Task item
If a record below holds a picture, drop the picture and copy everything else exactly.

START Dataset records

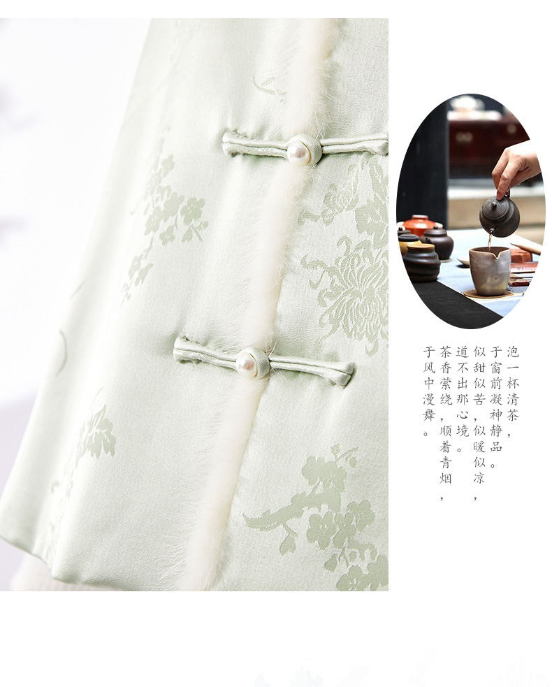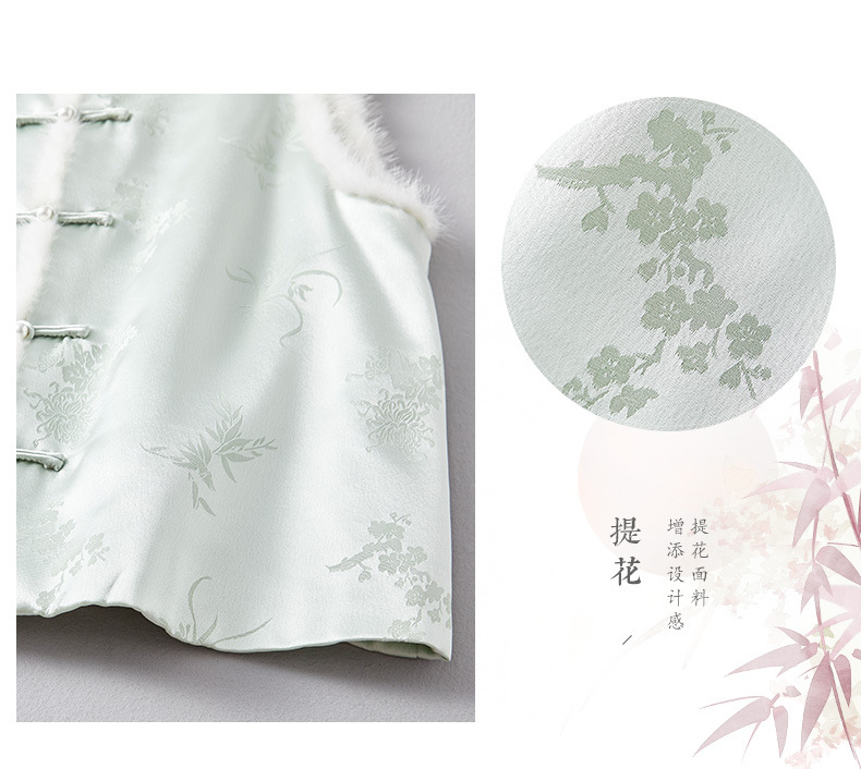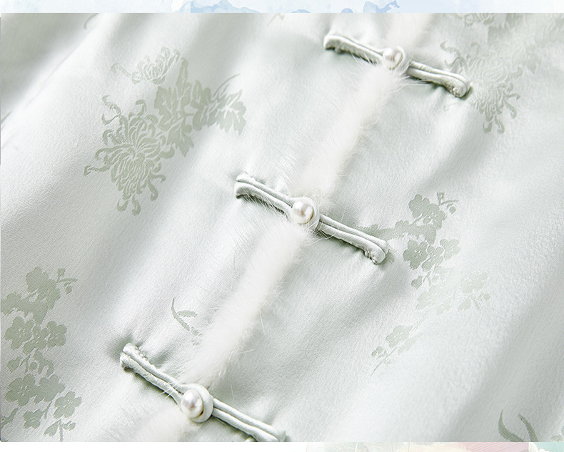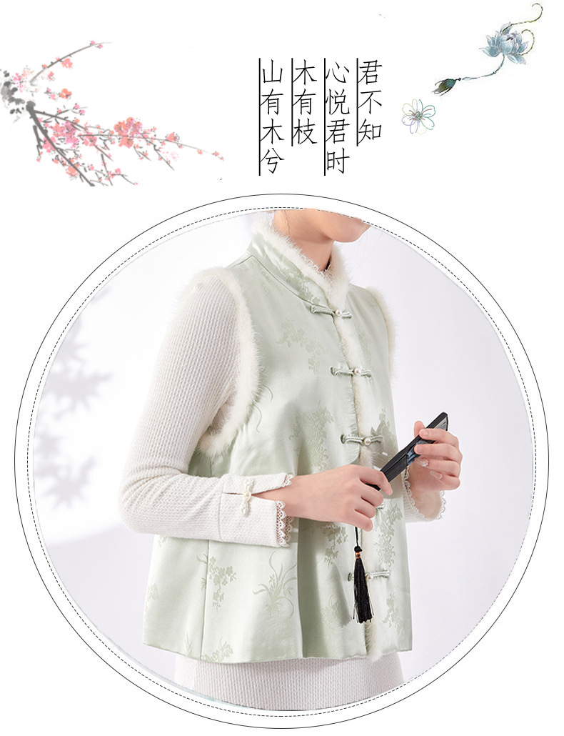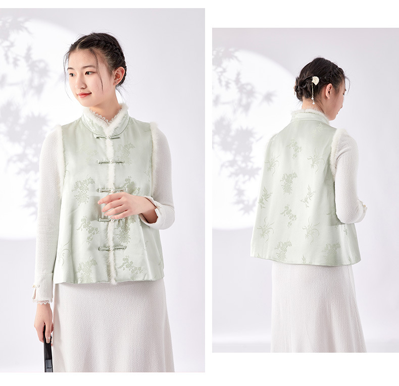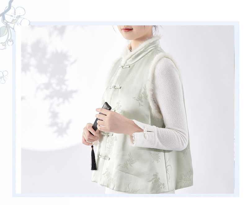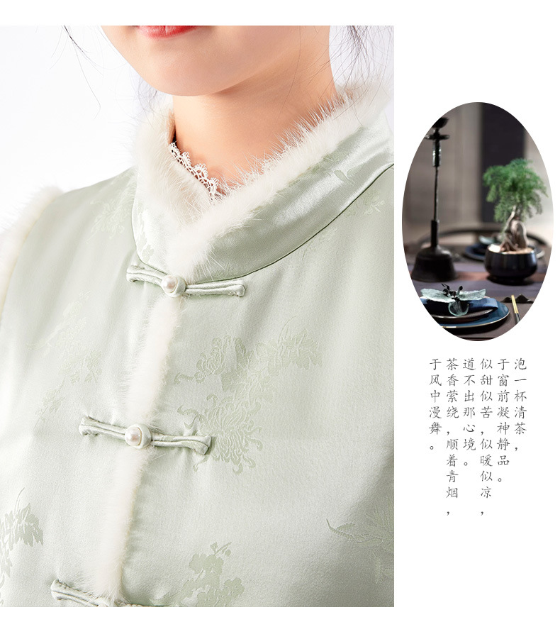 새로운 중국 스타일의 하이 엔드 티 의류 우아한 칼라 밍크 헤어 코튼 조끼 Acetic Acid Satin Jacquard Hanfu 조끼 여성 버클
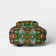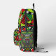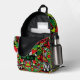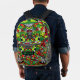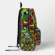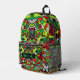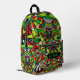 This all-over printed backpack is a true standout, boasting a vibrant and intricate pattern of geometric shapes and figures. The symmetrical design, featuring shades of green, red, white and black, is reminiscent of a kaleidoscope, turning everyday scenes into complex, mesmerising patterns. The central figure, subtly resembling a face, adds a touch of mystery and intrigue. But what truly sets this backpack apart is its customisable feature - the text printed in bold green letters at the bottom. This personal touch makes the backpack uniquely yours, reflecting your identity and style.
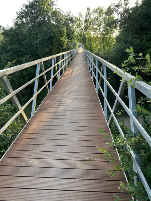 Con una anchura total de 1486 mm, la pasarela no solo cumple una función de conectividad en un espacio natural protegido, sino que también se convierte en un ejemplo de construcción respetuosa con el medio ambiente.
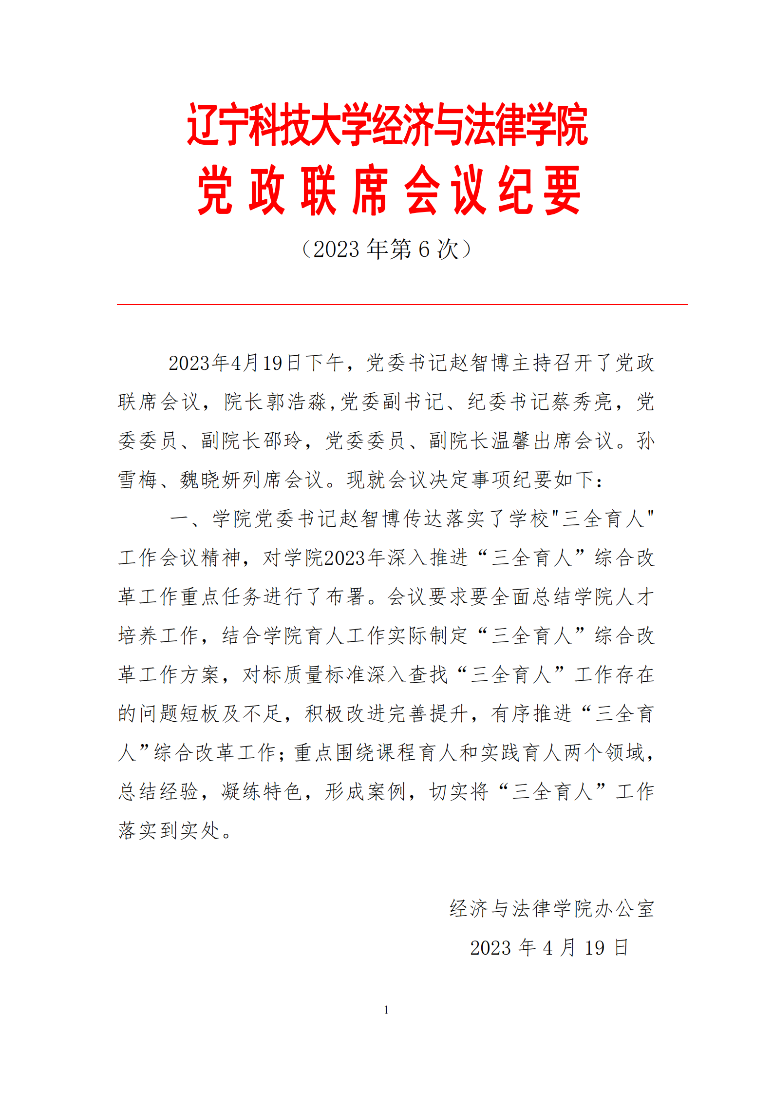 乐竞·体育(中国)官方网站经济与法律学院党政联席会会议纪要(2023年第6次)
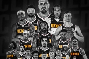 赛后掘金官方发布了季后赛海报:“锁定第四与首轮主场优势🔒!”
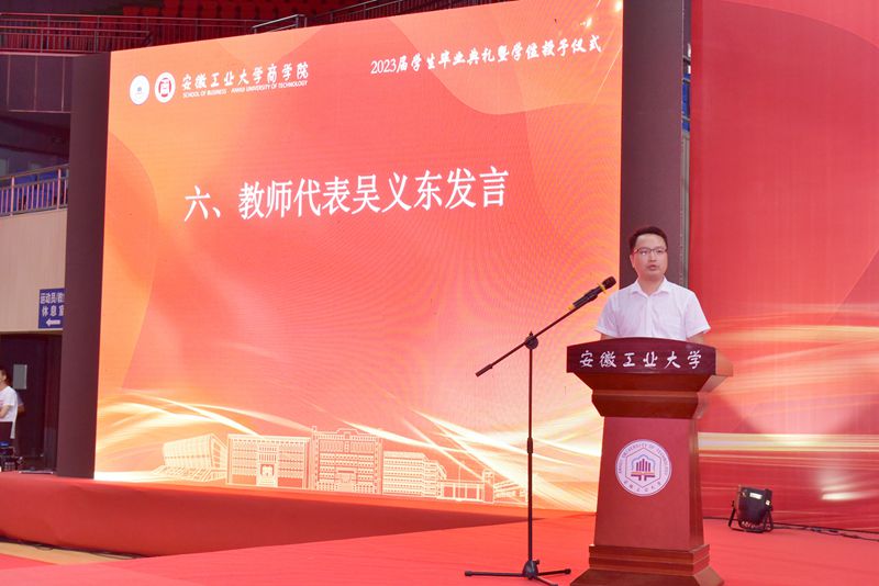 毕业典礼在庄严的国歌声中拉开帷幕。魏先文代表学校向圆满完成学业的毕业生表示祝贺,向辛勤付出的老师们和支持学校工作的学生家长表示感谢。魏先文回顾了商学院在人才培养、学科专业建设、改革创新、社会服务等方面取得的突出成绩,对2023届毕业生在校期间取得的优异成绩表示肯定。他以“挺膺担当,接续奋斗,在强国建设、民族复兴新征程上逐梦前行”为题,寄语毕业生要践行经世济民理念,爱国敬业,志存高远,始终胸怀“国之大者”,树牢“商以富国”和经世济民理念,发扬企业家精神,将聪明才智贯穿于新时代构建新发展格局、建设现代化经济体系、推动高质量发展全过程,以真才实学服务人民、奉献国家,努力在推进强国建设、民族复兴的伟大进程中实现自己的人生价值;要传承商科教育的精髓,勤学善思,明辨笃行,既学会用战略的眼光看问题,又不断适应新的技术和知识,勇于创新,追求卓越,以奋斗姿态在更广阔的舞台上施展才华、竞展风采;要感悟人生幸福的真谛,涵养修为,乐观从容,在奔涌的社会潮流中明辨是非、恪守正道、守住道德底线,在美好岁月面前饮水思源、感恩回报、担当作为,在规划事业发展时乐观自信、勇敢坚毅、脚踏实地,努力做一个有深度、有温度、有高度的人。
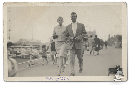 Carole and Brian in Skegness. This is Carole and Brian on holiday in Skegness (or Skeggy to many trippers) in 1961. Carole says they got used to the street photographer, and bought a few of the postcards as a souvenir. She also adds that while they look as if they're on their way somewhere very posh, they were actually off to watch the early evening wrestling match!

END Dataset records

Final answer
 새로운 중국 스타일의 하이 엔드 티 의류 우아한 칼라 밍크 헤어 코튼 조끼 Acetic Acid Satin Jacquard Hanfu 조끼 여성 버클
 This all-over printed backpack is a true standout, boasting a vibrant and intricate pattern of geometric shapes and figures. The symmetrical design, featuring shades of green, red, white and black, is reminiscent of a kaleidoscope, turning everyday scenes into complex, mesmerising patterns. The central figure, subtly resembling a face, adds a touch of mystery and intrigue. But what truly sets this backpack apart is its customisable feature - the text printed in bold green letters at the bottom. This personal touch makes the backpack uniquely yours, reflecting your identity and style.
 Con una anchura total de 1486 mm, la pasarela no solo cumple una función de conectividad en un espacio natural protegido, sino que también se convierte en un ejemplo de construcción respetuosa con el medio ambiente.
 乐竞·体育(中国)官方网站经济与法律学院党政联席会会议纪要(2023年第6次)
 赛后掘金官方发布了季后赛海报:“锁定第四与首轮主场优势🔒!”
 毕业典礼在庄严的国歌声中拉开帷幕。魏先文代表学校向圆满完成学业的毕业生表示祝贺,向辛勤付出的老师们和支持学校工作的学生家长表示感谢。魏先文回顾了商学院在人才培养、学科专业建设、改革创新、社会服务等方面取得的突出成绩,对2023届毕业生在校期间取得的优异成绩表示肯定。他以“挺膺担当,接续奋斗,在强国建设、民族复兴新征程上逐梦前行”为题,寄语毕业生要践行经世济民理念,爱国敬业,志存高远,始终胸怀“国之大者”,树牢“商以富国”和经世济民理念,发扬企业家精神,将聪明才智贯穿于新时代构建新发展格局、建设现代化经济体系、推动高质量发展全过程,以真才实学服务人民、奉献国家,努力在推进强国建设、民族复兴的伟大进程中实现自己的人生价值;要传承商科教育的精髓,勤学善思,明辨笃行,既学会用战略的眼光看问题,又不断适应新的技术和知识,勇于创新,追求卓越,以奋斗姿态在更广阔的舞台上施展才华、竞展风采;要感悟人生幸福的真谛,涵养修为,乐观从容,在奔涌的社会潮流中明辨是非、恪守正道、守住道德底线,在美好岁月面前饮水思源、感恩回报、担当作为,在规划事业发展时乐观自信、勇敢坚毅、脚踏实地,努力做一个有深度、有温度、有高度的人。
 Carole and Brian in Skegness. This is Carole and Brian on holiday in Skegness (or Skeggy to many trippers) in 1961. Carole says they got used to the street photographer, and bought a few of the postcards as a souvenir. She also adds that while they look as if they're on their way somewhere very posh, they were actually off to watch the early evening wrestling match!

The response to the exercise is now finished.